Notably, a new potential remediation agreement was announced in 2021. On September 23, 2021, the RCMP announced charges of fraud against two divisions of SNC-Lavalin and two of its executives in connection with the Jacques Cartier Bridge project in Montréal. Simultaneously, the Québec Directeur des poursuites criminelles et pénales (DPCP) announced that SNC-Lavalin was invited to enter into negotiations with a view to entering into a remediation agreement.

Canada’s deferred prosecution agreement (DPA) regime – referred to in Canada as remediation agreements – came into force on September 19, 2018. A DPA (or remediation agreement) is an agreement entered into between a prosecutor and a company alleged to have engaged in economic crimes. The effect of the DPA is to suspend the outstanding prosecution while simultaneously establishing specified undertakings that the organization must fulfill to avoid facing the potential criminal charges. These undertakings often include fines, remediation measures, enhanced reporting requirements, as well as allowing for independent third-party oversight of corporations’ compliance techniques. Once the accused company has fulfilled the terms of the DPA, the charges will be dropped.

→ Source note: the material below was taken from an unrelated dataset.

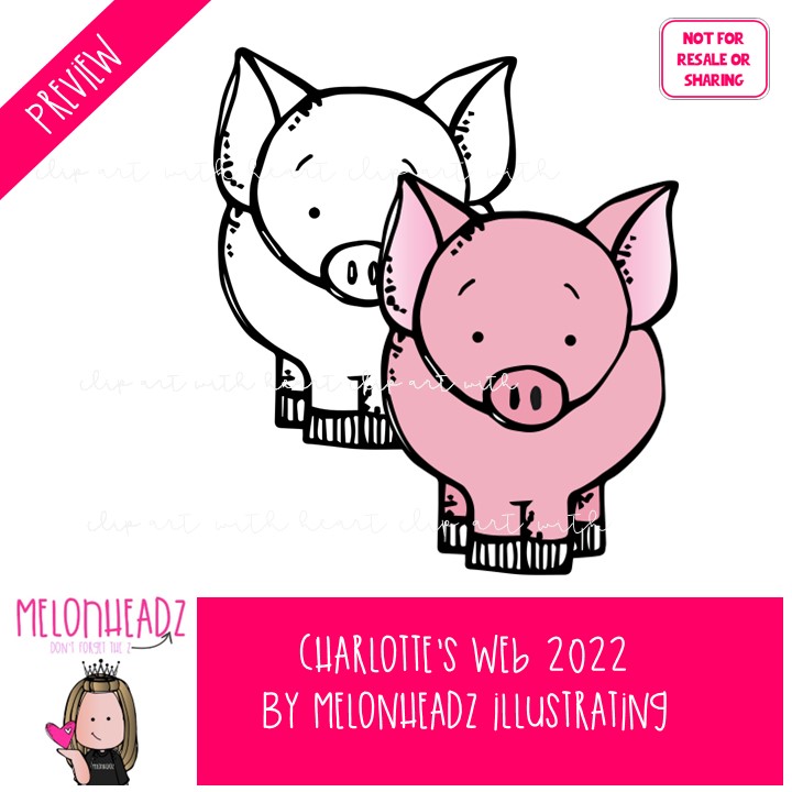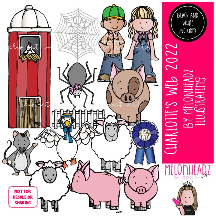Charlotte’s Web clip art 2022, book companion, literature COMBO PACK: This illustrated set contains all of the clip art images as shown in the preview picture. COLORED and BLACK AND WHITE illustrations included.

This tool has been actively used to reduce corporate criminal behaviour in other jurisdictions such as the U.K. and U.S. For more information on remediation agreements, please see our blog posts on osler.com, World bank debars German company for thirteen monthsDeferred Prosecution Agreements (DPAs) come into force in Canada and Canada’s deferred prosecution agreements: Still waiting for takeoff.

To date there has been little use of this new tool. Negotiation of a remediation agreement represents a significant milestone for the regime, which is likely to become an important part of Canada’s white-collar crime enforcement framework in the future.


As we head into 2022 and businesses continue to face the increased compliance risks associated with the pandemic, we anticipate a continuation of increased enforcement activity and regulatory initiatives to combat white-collar crimes. In this environment, it is crucial for businesses to maintain a demonstrated commitment to compliance.